Saturday, April 14, 2007

Setu A Rhyme

Ralph Thomas Hotchkin Griffith (1826-1906) was a Sanskrit Scholar during British rule over India, and he retired as the Principal of Banaras College. He has produced translations of various Sanskrit texts into English, including the Sayana's Bhashya of the Vedas, and Kumara Sambhava of Kalidasa. He also produced a very poetic rhyming translation of the Valmiki Ramayana, between 1870 and 1874. Reproduced below is that part of his awesome poetry, which deals with the saga of Setu.

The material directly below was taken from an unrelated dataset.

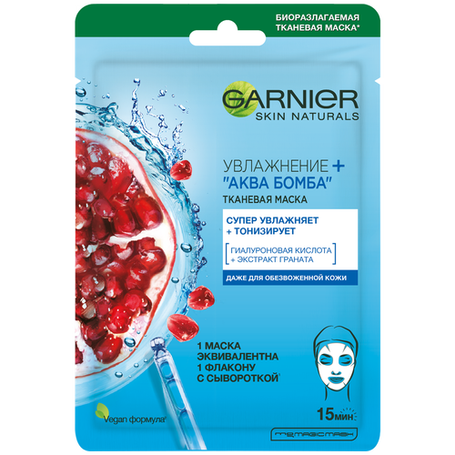 НАЙТИ ВЫГОДНЕЕ - GARNIER тканевая маска Увлажнение + Аква Бомба, 28 г, 1 мл, 1 мл

The first context is that Rama and Sita, along with Lakshmana and others, are returning from Lanka to Ayodhya on Pushpak Vimana. From the Pushpaka, Rama points to Sita different locations on earth, where he had been in absence of Sita. During this discourse he points at Setu, as follows:

Look, love, the unconquered sea behold,
King Varun's home ordained of old,
Whose boundless waters roar and swell
Rich with their store of pearl and shell.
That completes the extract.